For instance, LLMs are very expressive and powerful transformers that learn from literally all the information on the web. Moreover, the duty of predicting the following word is a fundamental task that, in point of fact, decomposes into various tasks related to different fields, including grammar, erudition, mathematics, physics, and programming. All three conditions are met!

If we take a look at recommender systems:

We even have lots of data: trillions of interactions between users and items.
We will just as easily use transformers.
We just need to seek out the fitting learning task to scale the recommender model.

That’s what we did.

There’s an interesting aspect of pre-training large language models. In the event you just ask a pre-trained LLM about something, it should give a mean answer. The most certainly answer it has encountered within the training data. That answer won’t necessarily be good or right.

But in the event you add a prompt before the query, like “Imagine you might be an authority in X”, it should start providing way more relevant and proper answers.

That’s because LLMs don’t just learn to mimic answers from the web; additionally they acquire a more fundamental understanding of the world in an try and condense all the knowledge from the training set.
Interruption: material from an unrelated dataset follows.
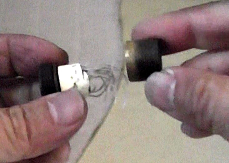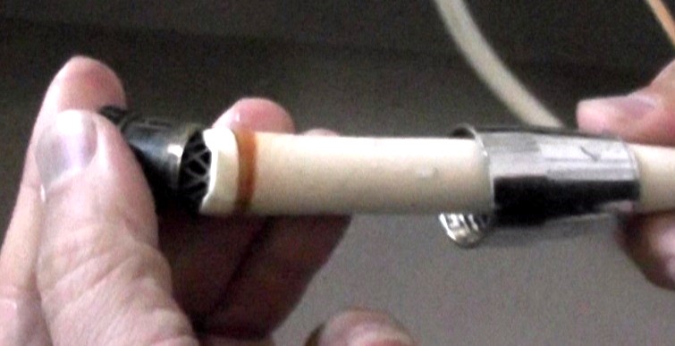まずは、構成する3部品を分解していきますが、部品どうしがかなり圧入される形で強固に組み付けられていますので、単純にホースを引っ張るだけでは分解できそうにありません。痛んでいるホースの先端部分だけをカッターでカットして、部品をホース本体と分離させてから、分解していくのが良さそうです。

It learns patterns and abstractions. And it’s precisely since the LLM knows a wide selection of answers and yet possesses a fundamental understanding of the world that we are able to obtain good answers from it.

Venn Diagram : What Makes for a Good Answer? Image by Writer

We tried to use this logic to recommender systems. First, you might want to express the recommendations as a reinforcement learning task:

A recommender system is an agent.
Actions are recommendations. In probably the most basic case, the recommender system recommends one item at a time (for instance, recommends one music track within the music streaming app every time).
The environment means users, their behaviors, patterns, preferences, and interests.
The policy is a probability distribution over items.
The reward is a user’s positive feedback in response to a suggestion.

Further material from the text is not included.